Когда Кафка читал вслух, этот юмор становился особенно заметным. Так, мы, его приятели, безудержно смеялись, когда впервые услышали, как он читал нам первую главу "Процесса". Сам он также смеялся так много, что были моменты, когда он не мог продолжать чтение. Это просто изумительно, когда думаешь о серьезности этой главы. Но это было так.
Конечно, это был не вполне хороший, утешительный смех, но в нем было и что-то от простого, веселого смеха. Я только указываю на то, о чем, как правило, забывают при изучении Кафки, – о характерной для него радости по отношению к окружающему миру и к жизни.

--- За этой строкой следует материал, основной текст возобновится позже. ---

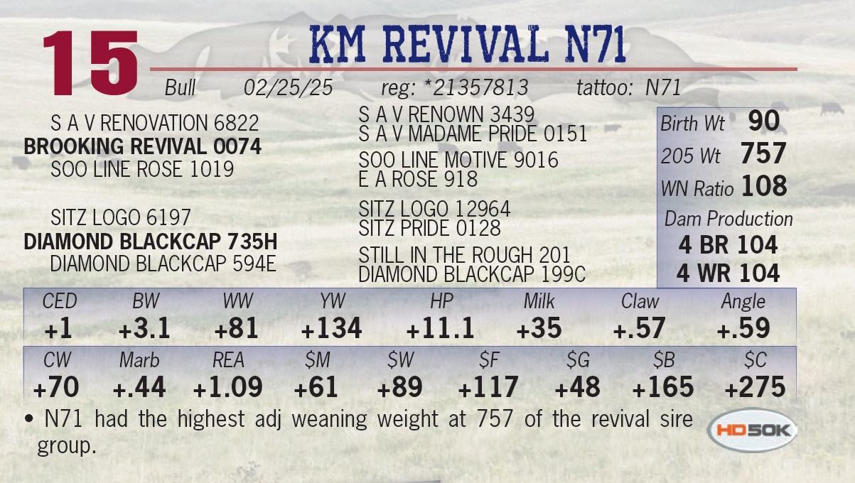 | KM REVIVAL N71 | 15 | Yearling Bull | • N71 had the highest adj weaning weight at 757 of the revival sire group. |

За что он укорял себя – так это за то, что его вера в жизнь время от времени колебалась, что сама жизнь в нем была не так сильна. Он восхищался сельской жизнью, и это восхищение было выражено еще в его ранних юношеских (неопубликованных) письмах к Оскару Поллаку. "Замечал ли ты когда-нибудь, как трава тянется навстречу корове, когда та пасется на лугу, видел ли, насколько они близки друг другу? Замечал ли ты когда-нибудь, как тяжела, богата пахотная земля, растертая кончиками твоих пальцев?" Еще более отчетливо эта тема звучала в дневнике, который он хранил в Цюрау. Там, помимо всего прочего, было сказано: "Общее впечатление от фермера: благородный человек, который нашел свое спасение в сельском труде и организовал свою работу так умно и просто, что она безоговорочно подходит ко всему остальному. Эта работа будет хранить его и беречь от всех потрясений до самого конца счастливой старости". Но его восхищение распространялось не только на сельскую жизнь. В этом же духе, 10/20/1913 г., он написал в своем дневнике об абсолютно городском авторе, уверенном в выборе своего пути: "Только что прочитал о Якобсоне. Жизненная сила, твердость в принятии решений, умение весело идти по избранному пути. Он сидит в самом себе, словно первоклассный гребец в собственной лодке, и в случае необходимости справится и с любым другим судном".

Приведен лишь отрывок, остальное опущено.